I have started the problem and observed that none of $\{x_1,...\}$ belong to $Y$. This means that any $y\in Y$ is of the form $y=c_1x_1+c_2x_2+...$ meaning that $y\in Y$ if and only if:
$$\sum_{n=1}^\infty \left(1+\frac{1}{n}\right)^2|c_n|^2\leq 1$$ From here I was able to confirm that any sequence of elements in $Y$ will converge to an element of $Y$ since the coefficients will converge. This verifies that $Y$ is closed. I am struggling with the rest.
To show that it is convex I tried taking $y_1,y_2\in Y$ and letting $t\in[0,1]$. Then I observed that coefficients of $ty_1+(1-t)y_2$ are of the form $ta_n+(1-t)b_n$ where $y_1=a_1x_1+a_2x_2+...$ and $y_2=b_1x_1+b_2x_2+...$. From this I looked at: $$\sum_{n=1}^\infty \left(1+\frac{1}{n}\right)|ta_n+(1-t)b_n|^2$$ Which works out (by the facts that $y_1,y_2\in Y$) that: $$\sum_{n=1}^\infty \left(1+\frac{1}{n}\right)|ta_n+(1-t)b_n|^2\leq1+t(1-t)\sum_{n=1}^\infty \left(1+\frac{1}{n}\right)|a_n||b_n|$$
I just need to show that $|a_n||b_n|=0$ for all $n$.
For bounded I'm not certain on the definition but don't I need to show that $\|y\|<r$ for every $y\in Y$ where $r$ is a positive real number?
For the final part to show that $Y$ has no element with greatest norm.
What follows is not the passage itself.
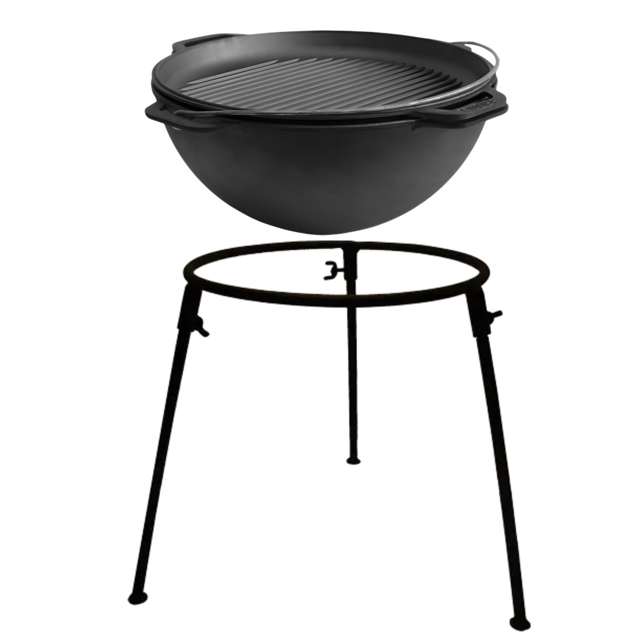 Большой азиатский чугунный казан ТМ BRIZOLL емкостью 15 л с крышкой сковородой-гриль (на фото). Предназначен для приготовления блюд на костре или мангале, требующих тушения, томления и приготовления в собственном соку.
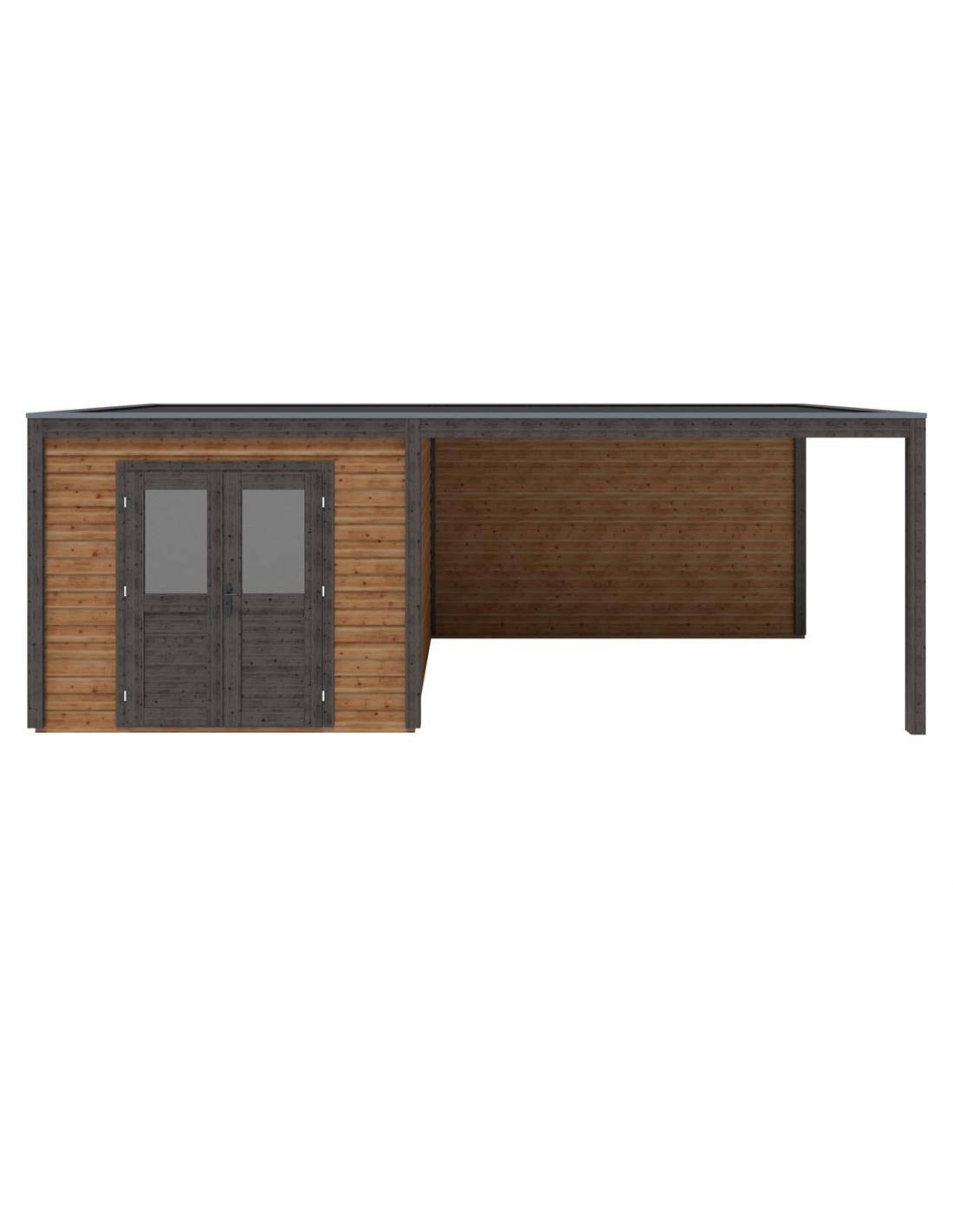 (!) Das Produkt enthält keine Dacheindeckung und kein Wasserableitungssystem – es ist notwendig, eine EPDM-Folie mit Montageprofilen sowie ein Fallrohr zur Dachentwässerung zu erwerben, um Schutz vor Witterungseinflüssen zu gewährleisten.

I don't know where to start. I appreciate any help.
Looks like you have proved that $Y$ is bounded and closed space, but you don't know how to prove $Y$ is convex.
From Cauchy inequality $\langle y_1, y_2\rangle \leq \|y_1\|\cdot \|y_2\|\leq 1$.
We have $\|ty_1 - (1-t)y_2\|^2 = t^2\|y_1\|^2 + (1-t)^2\|y_2\|^2 + 2t(1-t)\langle y_1, y_2\rangle\leq t^2 + (1-t)^2 + 2t(1-t) = 1$.
Notice that we're not using norm and inner product defined in $H$. In this case, we're using the inner product $\langle y_1, y_2\rangle = \sum_{n = 1}^\infty(1+1/n)^2 a_nb_n$, and norm $\|y_1\| = \sum_{n=1}^\infty (1+1/n)^2 a_n^2$. In this case you should still need to prove this is a valid inner product.